The Worst Poet Ever - Officially















This evening I won a poetry contest sponsored by the college literature society, The Broadside. This sounds rather impressive, until someone tells you that it was a bad poetry contest, in which the person who could write the worst poem won. It was actually a lot of fun though. I hadn't written anything funny in a long time, and this was definitely a good opportunity. I was told at the beginning that the prizes were intended to "match the quality of the poetry", so I wasn't really sure what to expect. I ended up taking home these to adorable mugs though, so it was all worth it....

I have decided against posting the winning poem here for several reasons, however, if you real must read it, I think it may be available on The Broadside's facebook fan page at some point.


This week I did a lot of reading. For my Psychology of Comm class I had to write a response to Blink by Malcolm Gladwell. This of course meant that I had to read it, and this detail was complicated by the fact that I didn't actually get the book from Amazon until last Saturday.
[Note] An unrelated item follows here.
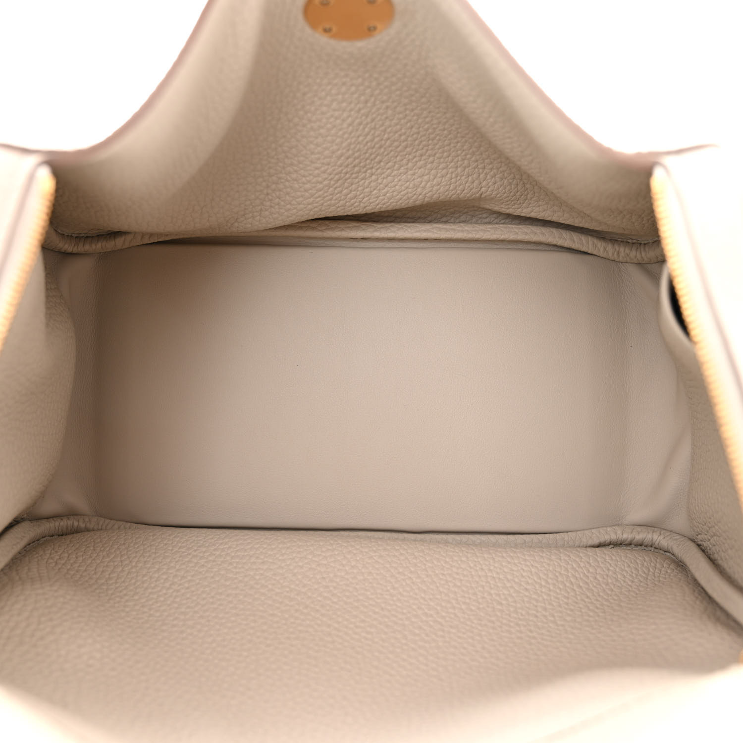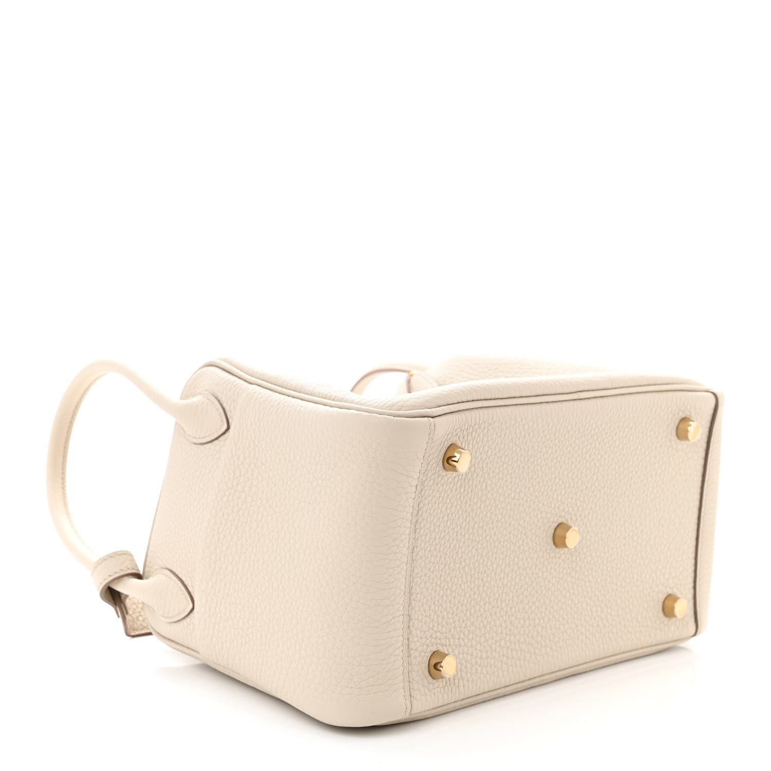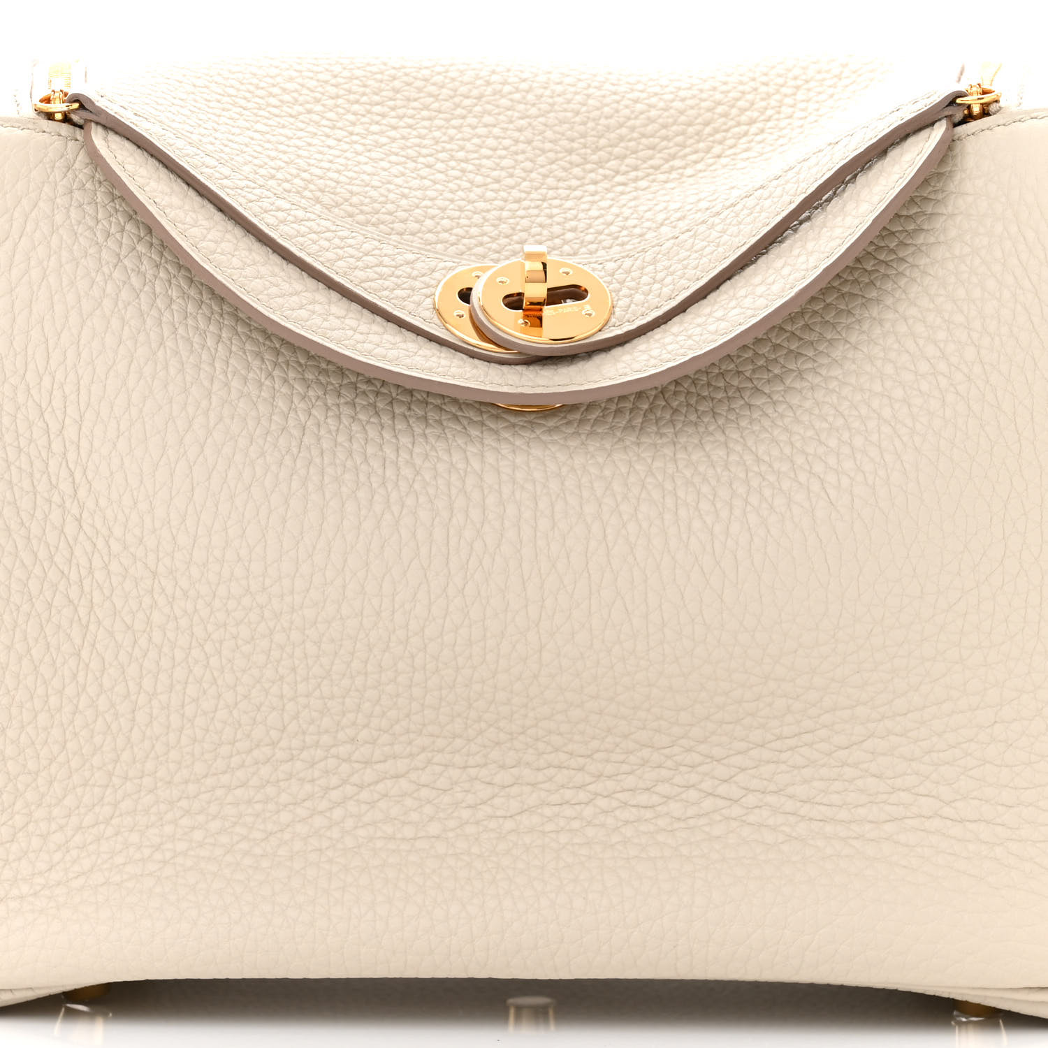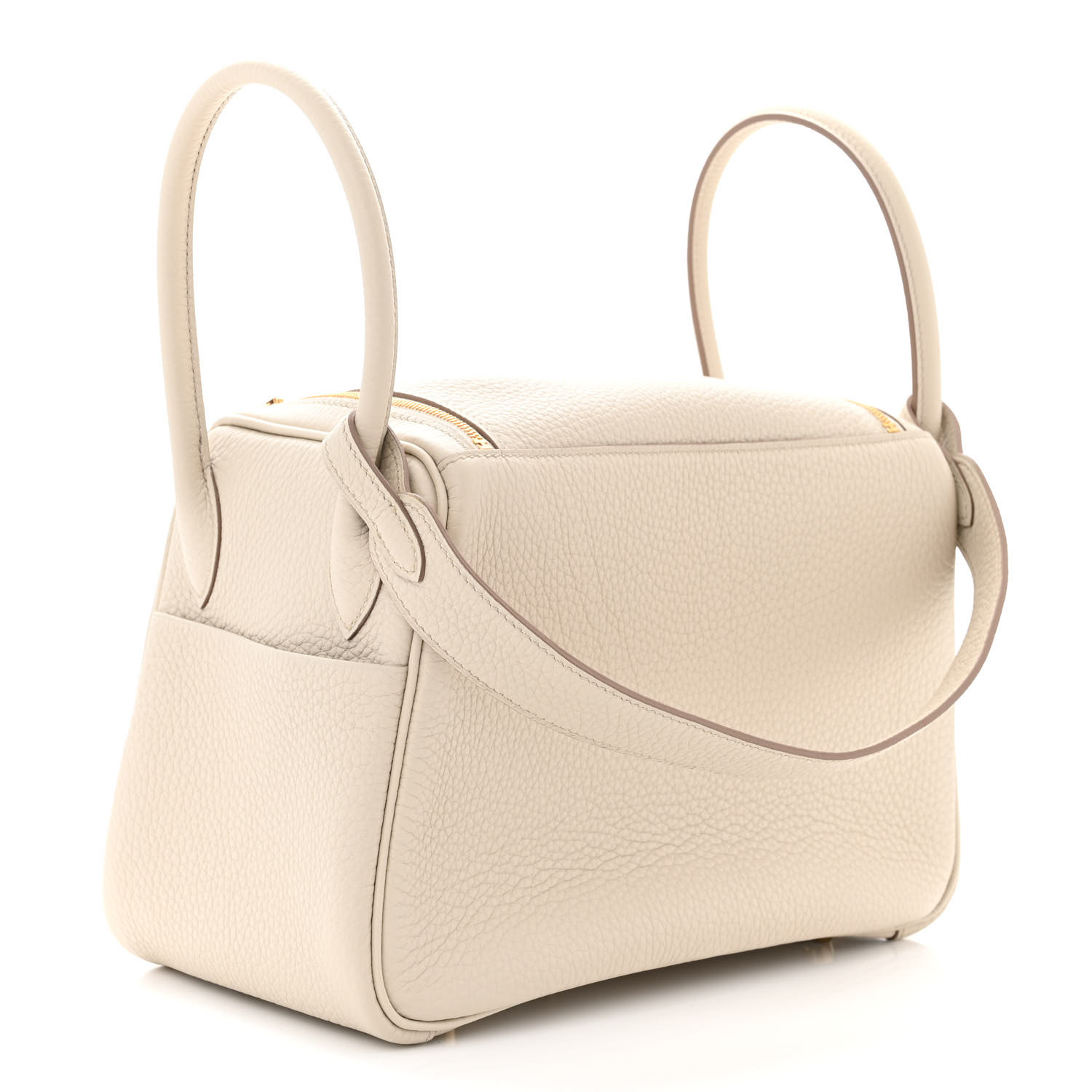 This is an authentic HERMES Taurillon Clemence Lindy 26 in Craie. This bag is crafted of luxurious taurillion clemence calfskin leather in white. It features frontward-facing rolled leather top handles on either side, a looping leather shoulder strap, a cross-over top flap, and a polished gold plated turn-lock closure. This bag opens to a matching leather interior with patch pockets.

I finished the book at around one Thursday morning, and finished the response sometime around two. It was well worth it though. I had intended to post my entire response on here, but realized that it was a bit long-winded, and might give away a few things that someone wanting to read the book might not really want to know. So to summarize, Blink is about making decisions based on subconscious intuition, as opposed to analytical thought process. Gladwell, among other things, points out a number of situations and case studies in which having too much information hinders peoples ability to react correctly, and instinct wins the day. After presenting lot's of cases that challenge everything we thought we knew about how our minds work, the book is a bit vague in it's conclusions. Still, I would definitely recommend it to anyone interested in psychology or communication, or who just appreciates good writing. Also, I would recommend you get a copy that has the "New Afterword by the Author", as it provides some conclusion and closure that the book itself lacks (the one I have pictured here has the afterword, but those of some people in class didn't, and I think it showed in the conclusions they came to about the book).

1 comment:

Lindsay said...

Reading Blink for Psych of Comm turned me on to all of Malcolm Gladwell's books. I especially recommend Outliers.